The behaviour of electrostatic separators in the mineral sands industry has long been considered a "black art". Although a great deal is understood about the physical processes involved in the separation, little is known about how these processes interact in a dry plant environment.
This thesis has developed mathematical models of high tension roll (HTR) and electrostatic plate separators (ESP) based on extensive sampling of plant equipment combined with laboratory-scale testwork and particle charge measurements. Variables investigated ranged from atmospheric conditions to machine settings and feed mineral behaviour.
Machine separation behaviour has been quantified by the mass distribution of mineral along the splitter axis, termed "Product Spatial Distributions" (PSDs). The random nature of the separation process demands that a probability
distribution of mineral behaviour be included to account for variations in particle surface condition, shape, orientation, etc.
Each feed mineral is characterized by an average charge relaxation time reflecting its relative surface conductivity. This is combined with a variance term to generate the PSD for each size fraction of mineral. The separation forces are calculated from the machine settings which, combined with the mineral characterizations, determine how each component will behave in the separator.

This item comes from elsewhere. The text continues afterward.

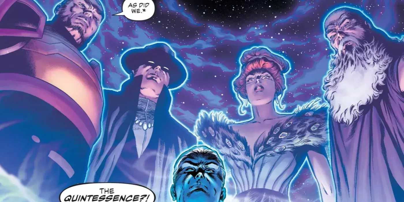 La Quintaesencia, a diferencia de otras sociedades secretas de DC, cuenta con personajes alineados mayoritariamente con el bien. Este grupo está formado por algunos de los seres más poderosos de todo el universo DC. Todos ellos inmortales y cósmicos, entre sus miembros se encuentran Phantom Stranger y un Guardián de Oa.

The models predict the mass recovery of each mineral component to all products by the superimposition of splitter(s) onto the PSDs. These component mass flows are combined to determine the product size and assay distributions. The models can be combined to simulate the performance of any number of separation stages from a single machine to an entire dry plant electrostatic circuit.
The models are fully compatible in their input/output formats to allow the integration of the two types of machines in the simulated circuit. These models have been incorporated into a commercial simulator software package - JKSimSand.
Although the models are intended primarily for the optimization of machine performance and circuit design, they may also be used for the training of operating personnel and to evaluate machine designs. Further work to extend usage into process control applications and expert systems is also possible.